Ecological and biogeographical studies of non-marine ostracods from the Neotropical bioregion are rare, despite the wide application of ostracods in paleoclimate and paleoecological reconstructions. Databases such as the European (OMEGA, Horne et al. 2011) and North America databases (NACODe: North America Combined Ostracode Database; originally named NANODe (North American Non-marine Ostracode Database) (Forester et al. 2005; Curry et al. 2012) are compiling data on the presence/absence of ostracod species and associated hydrological/geochemical and climate conditions, to develop calibration datasets for paleo-reconstructions. The effort to build comprehensive databases will not be complete until data from the Southern Hemisphere are incorporated, particularly from South America, where the number of recorded ostracod species is low compared to other continents, including Australia and Africa (Martens et al. 2008).

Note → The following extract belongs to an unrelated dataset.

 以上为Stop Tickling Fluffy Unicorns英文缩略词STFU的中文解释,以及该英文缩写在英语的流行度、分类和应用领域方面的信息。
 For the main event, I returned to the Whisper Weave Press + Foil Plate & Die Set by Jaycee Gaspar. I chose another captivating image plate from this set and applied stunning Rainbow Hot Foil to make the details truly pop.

Ostracod assemblages are useful to determine past hydrological conditions [salinity, temperature, water energy (De Deckker and Forester 1988; Curry 1999)] and water depth (Mourguiart et al. 1998), and when coupled with trace-element and oxygen-isotope analyses, enable estimation of past salinity, temperature and pH conditions (Chivas et al. 1983, 1985, 1986a, b; Gouramanis et al. 2010). In Argentina, Schwalb et al. (2002) studied ostracod taxa and isotopes from two Patagonian lakes, providing a database that can be applied to paleo-reconstructions. Other recent papers, involving a variety of approaches, have been published on studies in Patagonia (Cusminsky et al. 2005, 2011; Ballent and Díaz 2011; Ramón Mercau et al. 2012), the Pampas inland and coastal wetlands, including Isla Martín García, eastern Argentina (Cusminsky et al. 2006; Liberto et al. 2012; Ramón Mercau et al. 2014), and the Altiplano of northern Argentina (Laprida et al. 2006; Díaz and Lopretto 2011; Palacios-Fest et al. 2016). As part of this project in central-western Argentina, D’Ambrosio et al. (2015, 2016a) published a description of the soft parts of Ilyocypris ramirezi Cusminsky and Whatley (1996), a taxon originally described from Patagonian Quaternary sediments using only hard parts, and a revised description of Herpetocypris helenae Müller, 1908, which included soft and hard parts and was reported for the first time in the Neotropical region.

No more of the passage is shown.